TASK TO COMPLETE
Reproduce only this stretch of the listing below: from the line with "LME 2月3日铜库存分布情况" through the line with "그렇게 되면 초록색 점선으로", exactly as written, with pictures excluded.

DATA SUPPLIED
=== Begin Enclosure ===

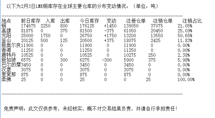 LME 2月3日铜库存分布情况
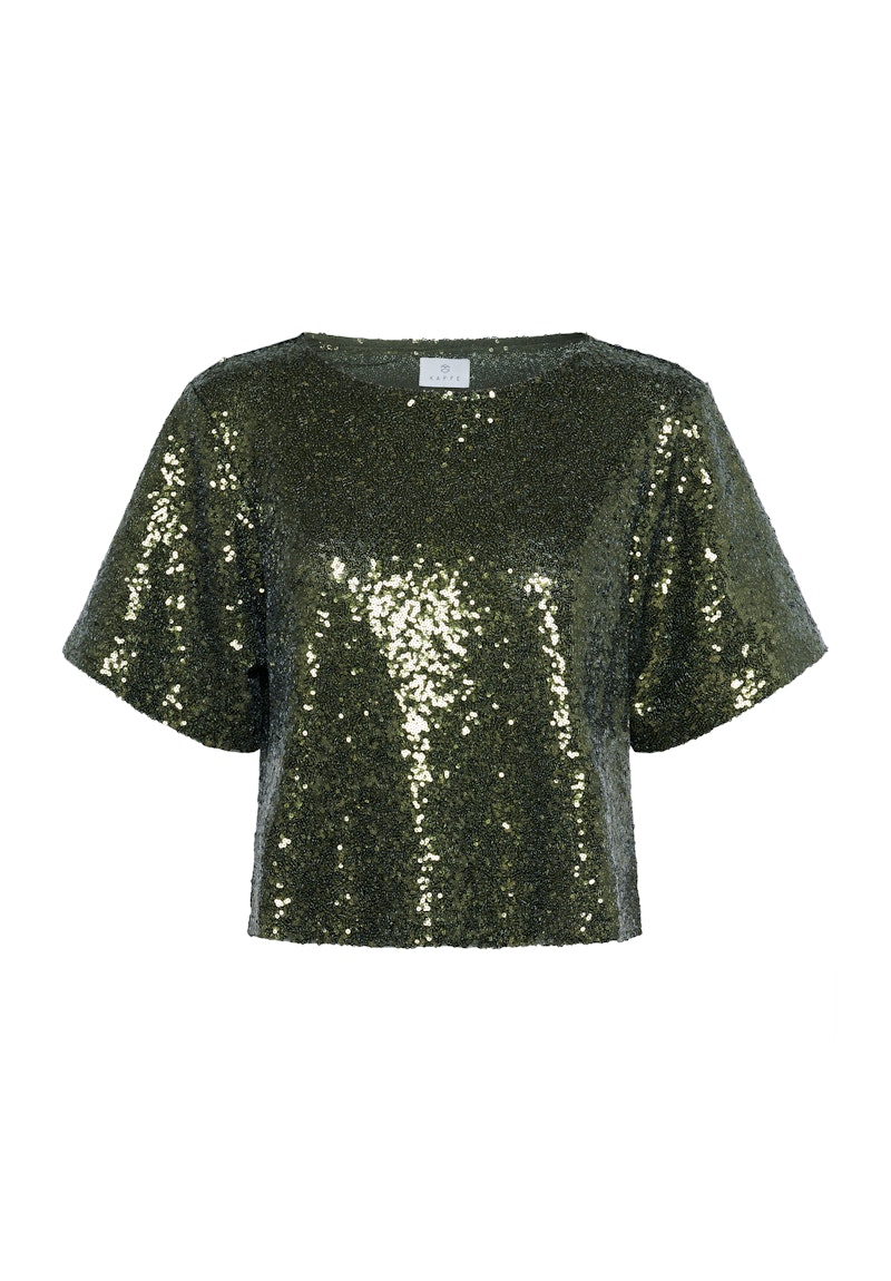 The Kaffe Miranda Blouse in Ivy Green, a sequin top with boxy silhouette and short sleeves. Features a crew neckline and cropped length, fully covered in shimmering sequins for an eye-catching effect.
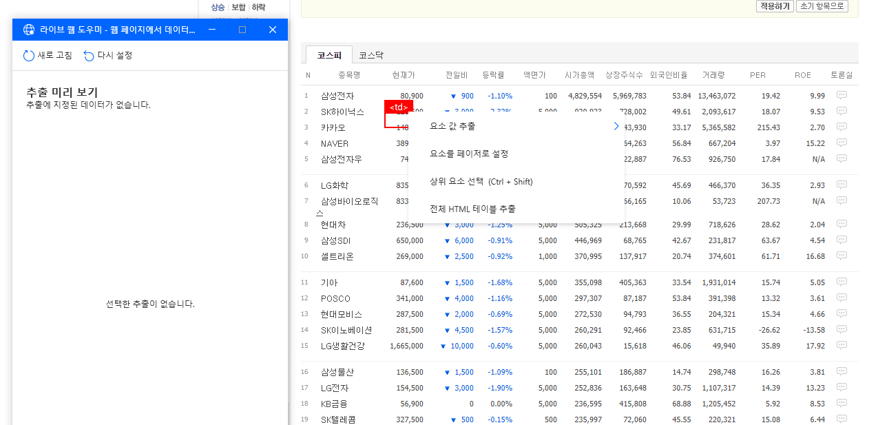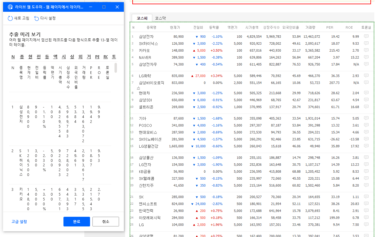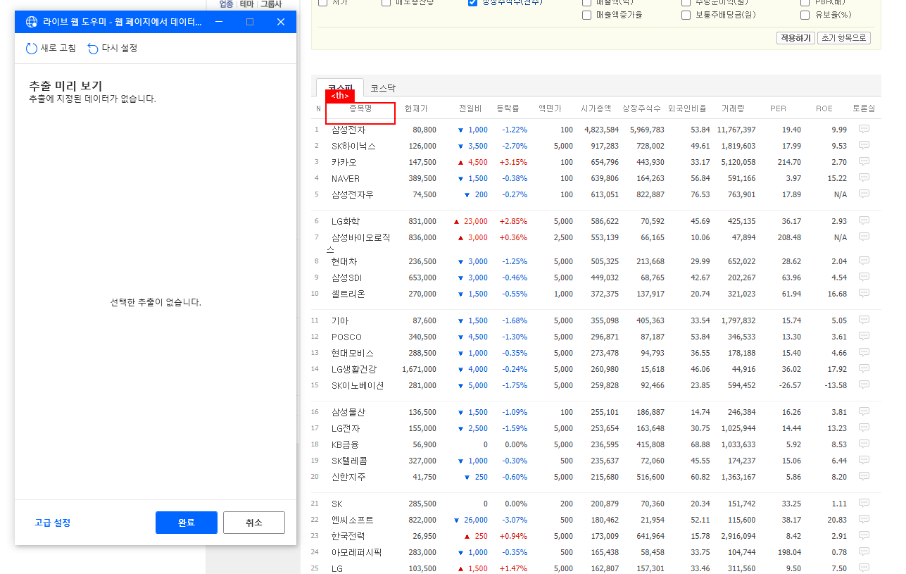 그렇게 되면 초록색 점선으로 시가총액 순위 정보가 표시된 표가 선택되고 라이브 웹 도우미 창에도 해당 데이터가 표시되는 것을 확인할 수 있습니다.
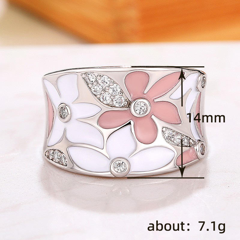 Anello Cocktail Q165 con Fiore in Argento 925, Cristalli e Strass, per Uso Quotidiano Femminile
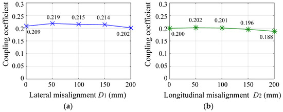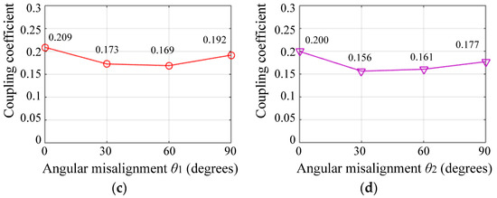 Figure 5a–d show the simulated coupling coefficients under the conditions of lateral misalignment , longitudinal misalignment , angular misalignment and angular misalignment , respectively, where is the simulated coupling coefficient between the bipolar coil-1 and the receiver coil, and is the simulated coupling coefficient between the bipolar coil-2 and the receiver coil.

=== End Enclosure ===
=== Begin Enclosure ===

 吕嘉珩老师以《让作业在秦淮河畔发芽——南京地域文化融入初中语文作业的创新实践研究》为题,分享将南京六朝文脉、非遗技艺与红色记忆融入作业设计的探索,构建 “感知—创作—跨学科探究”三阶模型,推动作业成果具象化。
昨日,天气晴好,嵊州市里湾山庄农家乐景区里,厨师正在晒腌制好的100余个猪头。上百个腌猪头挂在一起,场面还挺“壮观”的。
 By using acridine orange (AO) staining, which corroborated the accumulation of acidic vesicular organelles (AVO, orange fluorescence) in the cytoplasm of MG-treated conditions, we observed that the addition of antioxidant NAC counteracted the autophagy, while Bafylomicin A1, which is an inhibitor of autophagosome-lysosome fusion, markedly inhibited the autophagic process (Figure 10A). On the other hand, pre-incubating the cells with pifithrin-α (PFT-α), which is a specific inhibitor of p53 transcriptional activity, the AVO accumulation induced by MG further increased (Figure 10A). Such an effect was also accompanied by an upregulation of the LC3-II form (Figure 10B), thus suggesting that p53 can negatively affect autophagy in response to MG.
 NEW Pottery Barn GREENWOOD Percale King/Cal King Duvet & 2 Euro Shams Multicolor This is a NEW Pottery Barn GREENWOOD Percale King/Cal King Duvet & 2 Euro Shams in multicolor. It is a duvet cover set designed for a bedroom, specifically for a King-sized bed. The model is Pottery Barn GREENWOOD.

=== End Enclosure ===

ANSWER FOR THIS EXERCISE
 LME 2月3日铜库存分布情况
 The Kaffe Miranda Blouse in Ivy Green, a sequin top with boxy silhouette and short sleeves. Features a crew neckline and cropped length, fully covered in shimmering sequins for an eye-catching effect.
 그렇게 되면 초록색 점선으로 시가총액 순위 정보가 표시된 표가 선택되고 라이브 웹 도우미 창에도 해당 데이터가 표시되는 것을 확인할 수 있습니다.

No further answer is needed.